» **Data shown**
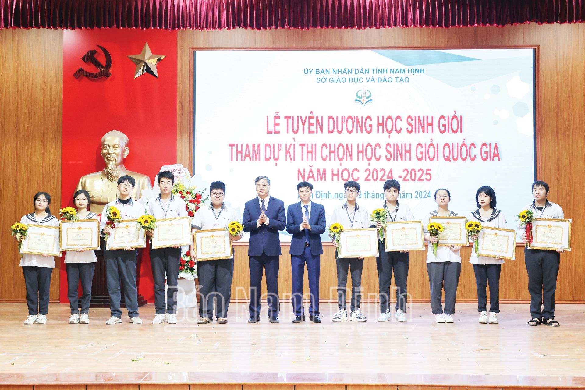 | Đồng chí Trần Lê Đoài, TUV, Phó Chủ tịch UBND tỉnh và lãnh đạo Sở Giáo dục và Đào tạo tuyên dương các học sinh tham dự Kỳ thi chọn học sinh giỏi quốc gia năm học 2024-2025. (Ảnh: Viết Dư) |
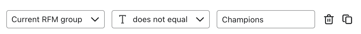 In diesem Beispiel ist die aktuelle RFM-Gruppe die Eigenschaft, auf die sich die Bedingung bezieht, und der Eigenschaftswert ist Champions. Du kannst Champions durch die RFM-Gruppe ersetzen, die du ansprechen willst.
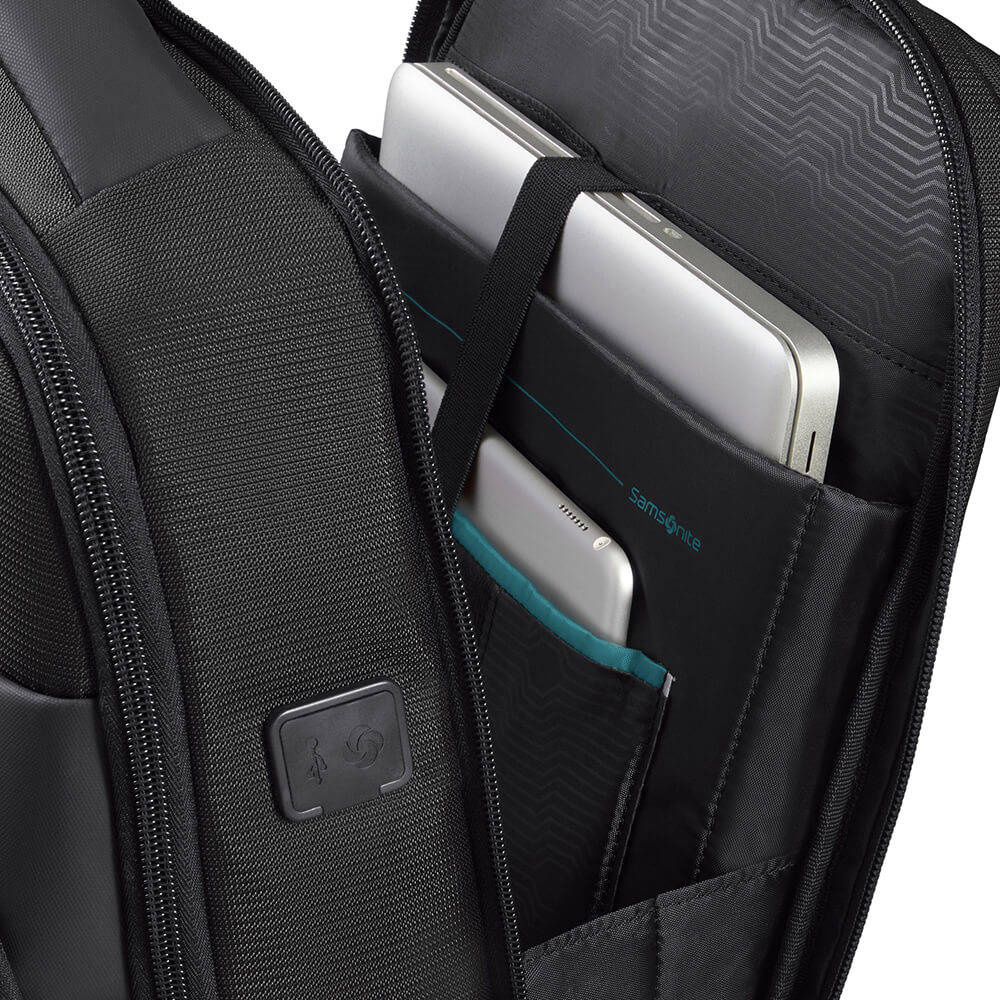 Plecak biznesowy Samsonite Mysight 17,3 ma przednią komorę na dokumenty (z elastycznym sorterem, wyjmowanym piórnikiem / saszetką i zapinaną na zamek kieszenią na różne materiały) oraz tylną komorę z wyściełanymi kieszeniami na 17,3-calowy komputer i tablet. Na zewnątrz duża kieszeń zapinana na zamek zawiera różne opcje przechowywania odpowiednich do rzeczy osobistych. Mała przednia kieszeń zapinana na zamek umożliwia na przykład błyskawiczne odnalezienie telefonu. Boczna kieszeń pozwala na przenoszenie małej butelki wody.
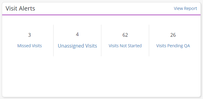 The Visit Alerts tile displays the total number of missed visits, unassigned visits, visits not started and visits pending QA. Click on any of the visit tiles to view the Visit Alerts report filtered by the selected visit type, or click View Report to open the full report.

» **Problem**
Would you please retype all the data exactly? Leave out whatever pictures it holds.

» **Answer to this exercise**
 | Đồng chí Trần Lê Đoài, TUV, Phó Chủ tịch UBND tỉnh và lãnh đạo Sở Giáo dục và Đào tạo tuyên dương các học sinh tham dự Kỳ thi chọn học sinh giỏi quốc gia năm học 2024-2025. (Ảnh: Viết Dư) |
 In diesem Beispiel ist die aktuelle RFM-Gruppe die Eigenschaft, auf die sich die Bedingung bezieht, und der Eigenschaftswert ist Champions. Du kannst Champions durch die RFM-Gruppe ersetzen, die du ansprechen willst.
 Plecak biznesowy Samsonite Mysight 17,3 ma przednią komorę na dokumenty (z elastycznym sorterem, wyjmowanym piórnikiem / saszetką i zapinaną na zamek kieszenią na różne materiały) oraz tylną komorę z wyściełanymi kieszeniami na 17,3-calowy komputer i tablet. Na zewnątrz duża kieszeń zapinana na zamek zawiera różne opcje przechowywania odpowiednich do rzeczy osobistych. Mała przednia kieszeń zapinana na zamek umożliwia na przykład błyskawiczne odnalezienie telefonu. Boczna kieszeń pozwala na przenoszenie małej butelki wody.
 The Visit Alerts tile displays the total number of missed visits, unassigned visits, visits not started and visits pending QA. Click on any of the visit tiles to view the Visit Alerts report filtered by the selected visit type, or click View Report to open the full report.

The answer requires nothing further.